CONTROL ALGORITHM OF TWO-CHANNEL FUZZY CONTROLLER FOR HEAT-ENERGY OBJECTS
Keywords:Fuzzy logic, Nonstationarity, Delay, Transport delay, Stability margin, Control system
Background. The reasons of control systems poor operation of complex heat and power control objects operating in changeable modes are analyzed. The peculiarity of the direct-flow steam boiler as a control object is the limited ability to conduct experimental research for identification. The incompleteness of the mathematical description does not allow fully formalizing the object for reliable design of automation systems.
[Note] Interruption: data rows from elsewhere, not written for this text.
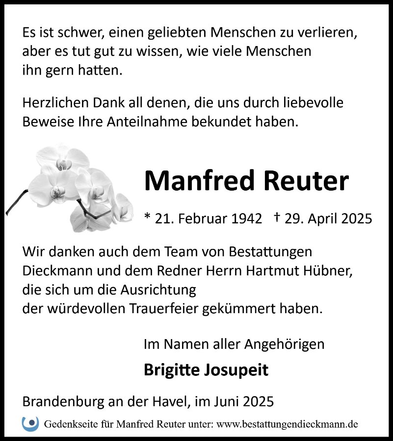 Manfred Reutergestorben am 29. April 2025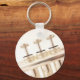 Keychain / llavero con foto de válvulas de corneta de plata contra fondo blanco.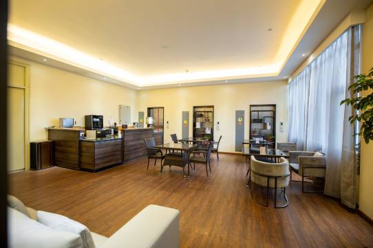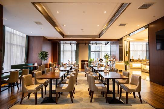 酒店距离华润万象城、丹尼斯大卫城、新田360购物中心、大上海城、德化步行街、世贸大户批发城、地标建筑(二七塔)、郑大一附院等热门商圈很近。酒店近轨道交通3号线、1号线。酒店集商务会议,餐饮为一体的国际化高端商务酒店。酒店层高24层,拥有客房、套房;房间装修精致,舒适宽敞并配备高品质客房设施,包括大型停车场、自助早餐厅、自助洗衣房、健身房、大堂吧、雅典餐厅,商务中心等设施,让客人充分体验酒店的豪华与舒适。酒店配备3个会议室:220平中联厅、100平、150平多功能会议室。作为郑州市二七区商圈的一家大型酒店,我们以完善的配套设施,优越的地理位置,专业的酒店服务让您的旅途温馨愉悦!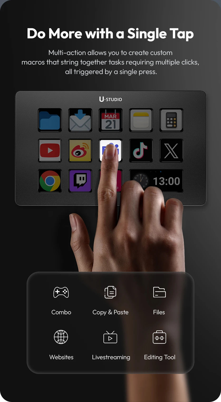Ulanzi D200 D200H Stream Deck Keyboard with 13 Macro Keys Stream Controler for Youtube Office Game Live Support TF/SD/USB 3.0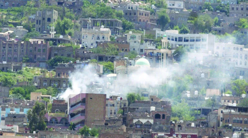 سحب الدخان تتصاعد من موقع عسكري للحوثيين إثر إطلاق قذيفة هاون خلال اشتباكات بين المتمردين ومقاتلين من لجان المقاومة الشعبية جرت في تعز أمس (رويترز)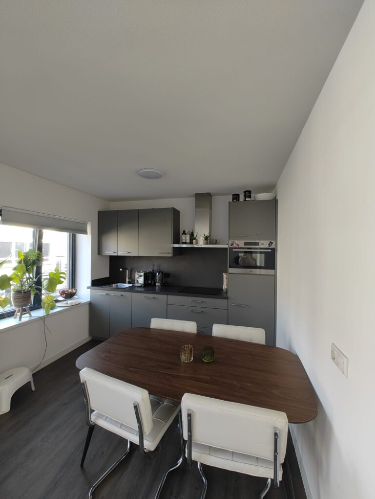 Sfeervolle ruime woonkamer (ca. 34 m²) met open keuken welke is voorzien van alle apparatuur zoals onder andere een afzuigkap, elektrische kookplaat, vaatwasser, koelkast en combi oven. Bijkeuken met witgoedaansluiting. Vanuit de gang is het ruime dakterras van ca. 23 m² bereikbaar waar het heerlijk vertoeven is.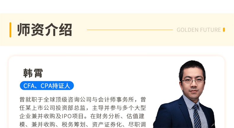 CFA、CPA、RFP持證、CFA ESG Investing ,曾就職于全球頂級(jí)咨詢公司與會(huì)計(jì)師事務(wù)所,擔(dān)任某世界500強(qiáng)投資總監(jiān)。

The temperature control circuits of the direct-flow boiler are characterized by high accumulation capacity, time delay, nonlinearity of dynamic characteristics, mutual influence of control circuits, which makes it actual to develop new control algorithms to improve the efficiency of existing control systems.
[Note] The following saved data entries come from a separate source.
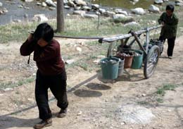 4月8日,河南省欒川縣合峪鄉(xiāng)的兩名村民用車(chē)?yán)。近期河南西部地區(qū)氣溫偏高,降雨偏少,給農(nóng)民的春耕生產(chǎn)帶來(lái)一定的困難。當(dāng)?shù)剞r(nóng)民采取提水、鋪保溫膜等多種方式抗旱,保證春耕生產(chǎn)順利進(jìn)行。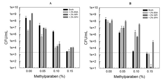It is generally known, that the antimicrobial efficacy of parabens increases as the chain length of the ester group increases and therefore polarity decreases [16]. However, this is also related to a decrease in water solubility, a key property for antimicrobial efficacy against bacteria that are usually located in the water phase of a food matrix. Therefore, methylparaben seems to be the most suitable paraben to control bacterial growth in food products. Methylparaben did not cause a lethal effect but a strong inhibition of microbial growth in dependency of the concentrations used (0%–0.15%). Figure 1 compares the number of viable counts detected after 12 days of incubation at 4 °C in the absence or presence of 2% BSA, WPI, or SPH, and 0%–0.15% methylparaben. Results for L. innocua LTH3096 are presented in Figure 1A, those for P. fluorescens DSM50091 are presented in Figure 1B.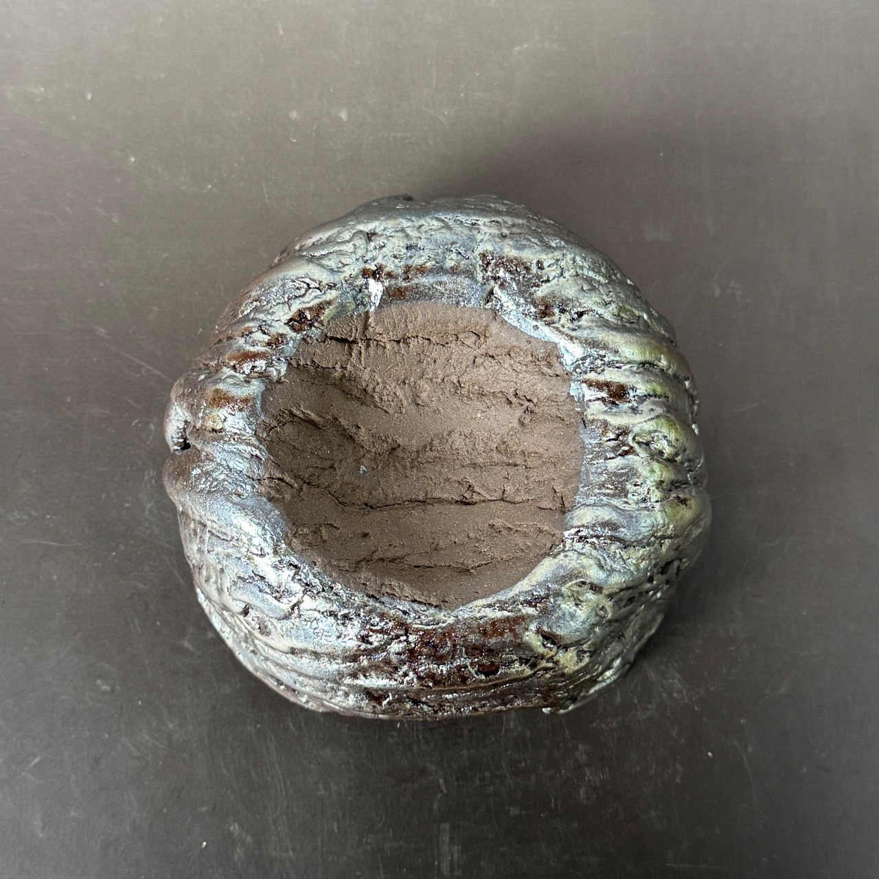 器肌全体に施された渋い光沢は、仕上げの薪による強還元焼成で得られるラスター系の金属光沢です。窯の中の置く位置で微妙に黒銀、黒金光沢などのグラデーション発色が異なる特徴があります。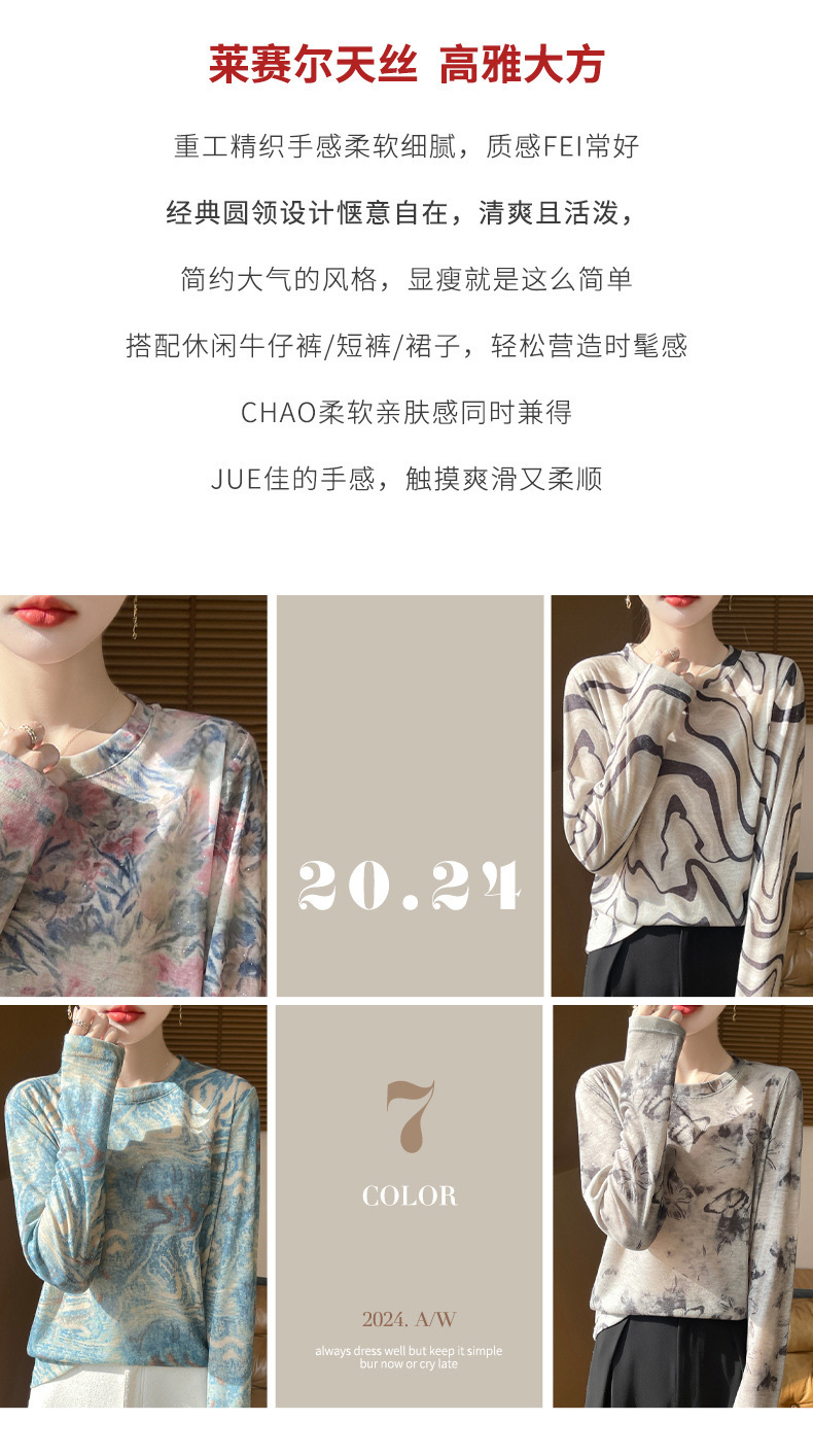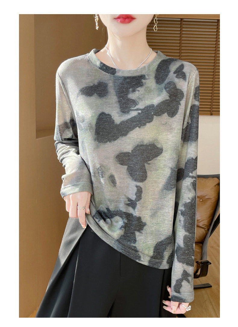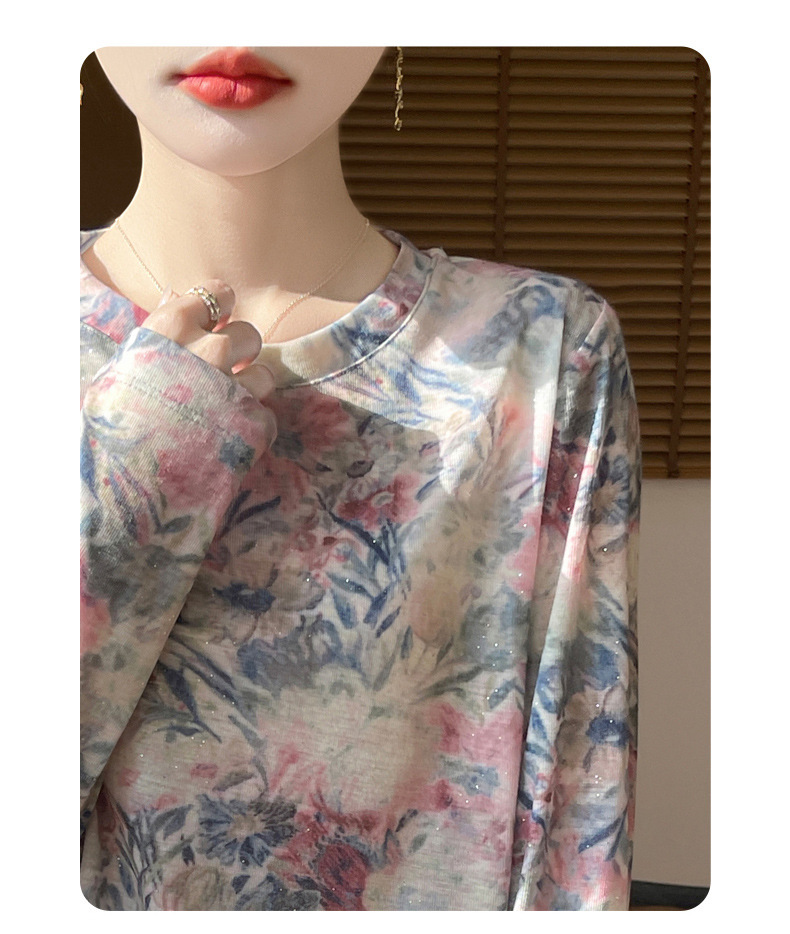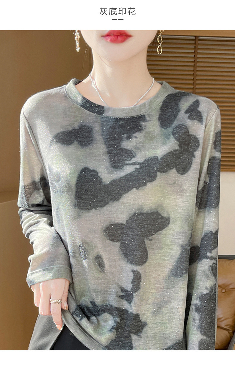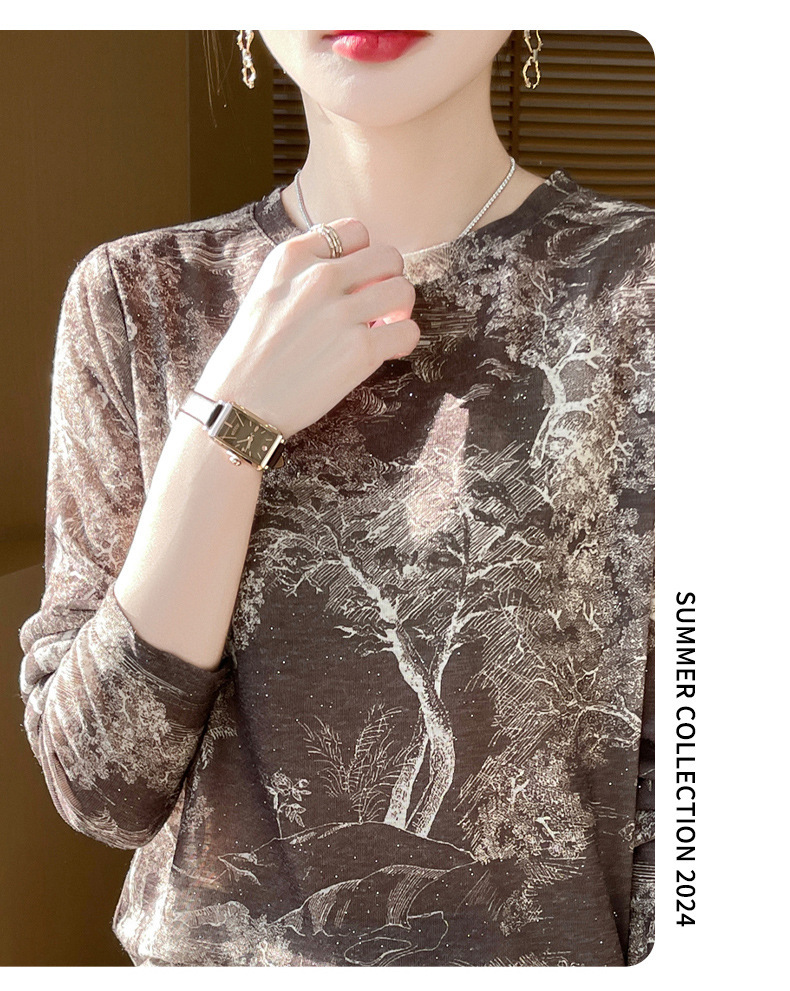 봄과 여름 크루 넥 긴팔 블라우스 여성 슬리밍 한국 스타일 캐주얼 인쇄 스웨터 유행 얇은 베이스 셔츠스토어 가기

Objective. The purpose is to obtain an algorithm of the control system that is insensitive to the uncertainty of the object parameters, that considers the presence of time delay through reference and disturbance channels and guarantees the given quality of regulation in changeable modes.
Methods. Peculiarities of dynamic characteristics of multicapacity objects with time delays are considered. A new approach to the synthesis of fuzzy control systems is described, which addrress the adverse properties of thermal power objects, based on the experience of the operation of these facilities. Computer simulation of the synthesized control system was carried out.
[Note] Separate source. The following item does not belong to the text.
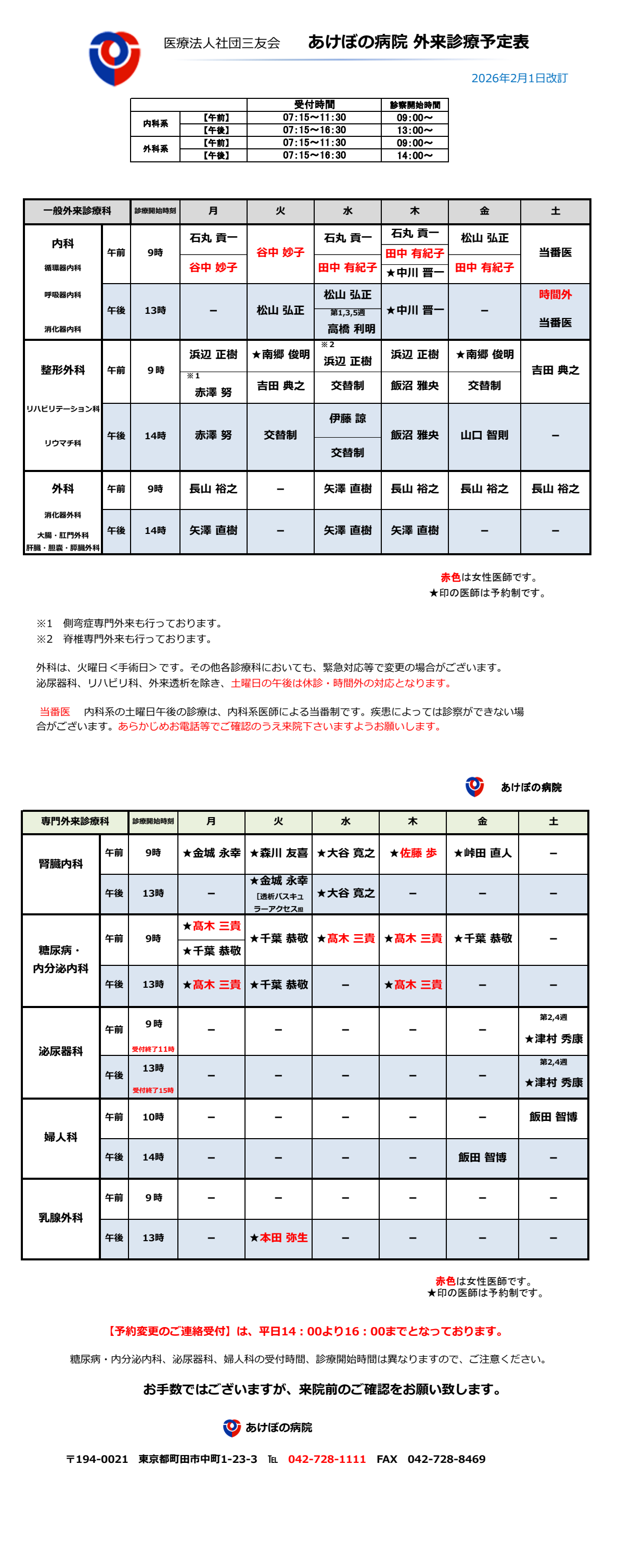 2026年(令和8年)2月1日より外来診療予定が一部変更になりました

Results. Computer modeling confirms the rightfulness and feasibility of the proposed control algorithm. The two-channel structure of the fuzz-controller allows implementing a control method close to optimal in manual control by an experienced operator.Conclusions. With the availability of two parallel channels, the tasks for providing given quality of control system and its stability margin are delimited. The described structure of a two-channel fuzz-controller can be used to minimize the dynamic error in the initial stage of the transition process and reduce the oscillation at the final stage.